Slabbing is a presentation I’ve hated for years. You use a lead or metal spoon, usually 3/4 to 1 ounce, and jig it in a vertical motion to imitate dying bait fish. When these fish fall out of schools to the bottom, predators are there waiting with hungry stomachs, filling up for winter. I knew this tactic produced large fish, but I still wasn’t interested in it. Now that I’ve spent the fall learning this process with guys who know what they’re doing, it’s all turned around for me.

The biggest piece of this puzzle is finding baitfish schools with predators nearby. Once you find active fish on your sonar, then it’s time to fish. Sometimes you’ll find an area where fish are moving around, seemingly in circles, and come and go on your sonar. When they’re present, be ready. Other times you find a school and are able to sit on top of them in the boat for an hour or two at a time. When they move, it’s time for you to move and find them again. It can be a challenge, but can also be very rewarding.
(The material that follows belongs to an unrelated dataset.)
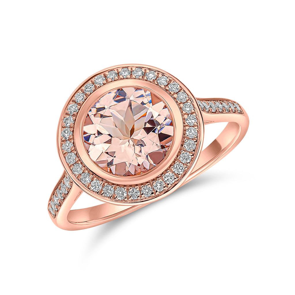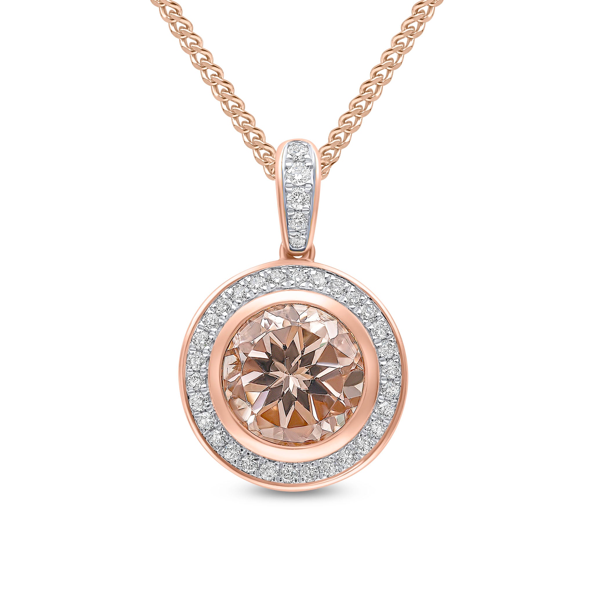 18CT Rose Gold Rubover Round Morganite & Grain Set Diamond Cluster Pendant with Diamond Set Loop 8mm

We have spent many hours in the past 2 months fishing a variety of reservoirs using the slabbing tactic. At times it can be slow, but when it’s good, it’s good. My buddy Jorg and I spent a day together back in October and had an outstanding day. First fish of the day was my biggest walleye of the year at 27 1/2″. But 20 minutes later that was blown away. I hooked a walleye that went 29 3/4″, and was well over 10lbs. We didn’t have a scale handy, and I was worried about making sure she swam off easily, which she did. Using formulas I’ve found online that use a 29″x15″ dimension, weight is calculated from 10.5 to 10.64lbs. With having an extra 3/4″ and a nice fat girth, I’ve been told this fish was approaching 11lbs, possibly over. Needless to say, I’m thrilled. With another 23″, two 24″ fish, and another 27 1/2″ and 28″ fish, our day was more than complete.
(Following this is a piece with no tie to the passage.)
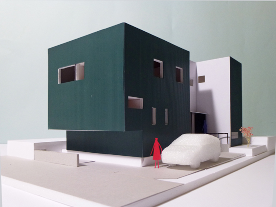 道路側外観。右側の奥側に玄関ポーチが見える。手前の建物が張出した下はバイク・自転車置き場。外壁は緑色(ダークグリーン)のガルバリウムサイディングで仕上げる予定です。

As the water temp started to drop even further, the action only heated up. A day in the Tri County canal showed us our coldest water yet at 41, but that didn’t slow the fishing action. We found saugers in a hole and they were willing to hit anything from jigs to slabs to blade baits. We boated 40 fish in a few hours, with many others coming updone or short striking. While no monsters were caught, it was still great fun on a fall afternoon with my buddy Steve.

Another area reservoir provided us with frustration and excellent fishing, sometimes all at once. This lake really proves how important it is to find fish using your sonar. Without finding any, your day can be a struggle. We had an excellent day followed by a tough day, but at least fish were caught. We used a variety of slab spoons to boat about 75 fish one day, including 10 wipers up to 24″, and quite a few white bass up to 16″. The 2nd day wasn’t as good with only 3 wipers and 9 white bass. Almost reached Master Angler status on one white bass, as he was very nice sized. But he fell a half inch short at 16 1/2″. Still a lot of fun while we were on fish.
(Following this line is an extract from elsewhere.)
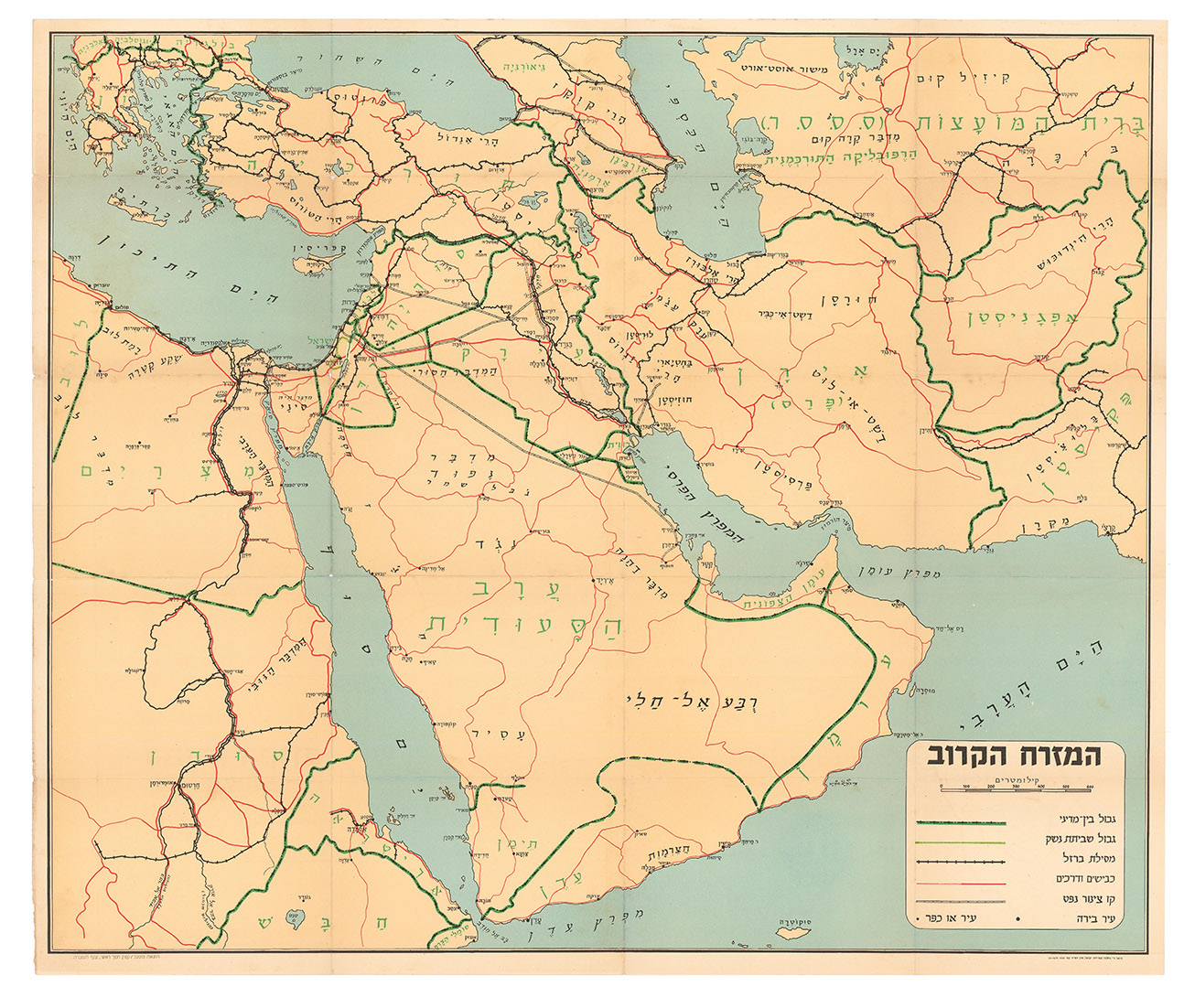 A large map of the Middle East, produced by Israel's General Staff soon after the Suez Crisis, showing the Arabian Peninsula and adjoining countries with major roads, railroads, and petroleum pipelines.

We have now had a winter storm hit our area, and water temps are sure to fall abruptly. I hope we’re able to get out and chase wipers again once more before our lakes freeze. Even in cold water, the wipers give a hard fight. Maybe we’ll just go out and find em on ice too!


  1. Here are a few more walleyes, including a 27 1/2″ from Jorg, my 27 1/2″ and a couple of nice fat 24 inchers, and another shot of the hawg that almost went 30″. Also included is a shot of another wiper that went just over 22″. While not MA status, I included the pic to show how the fish is a bit fatter than most Elwood wipers we catch. They are definitely voracious eaters who need a reservoir full of baitfish to make it through the winter.

  2. Annnnnd….you never know what you’re going to hook into when you jerk a spoon off the bottom hundreds of times a day. Talked to a guy who caught a 68 pound flathead the week previous to us talking to him. But I wasn’t so lucky…in that respect, anyways. I actually hooked into this thing, and it’s clear it’d been sitting there for a while. It was full of mud and smelled real bad, but I decided to see what was included. As you can see, not a real good bounty, but what do you expect after sitting in the mud for years. Lots of rusted hooks, a couple cranks in bad shape, and lots of waterlogged bobbers. But, one nice find was a fillet knife that may be somewhat useful, and a Gerber multi-tool that is performing nicely after being cleaned up. Still think I’d rather have the 68 pounder though.

  3. Thanks guys! Ya know, I’ve always known fall was a great time to fish, but had never really put as much effort into it as I have this year. Needless to say, I already can’t wait for cold weather next year!!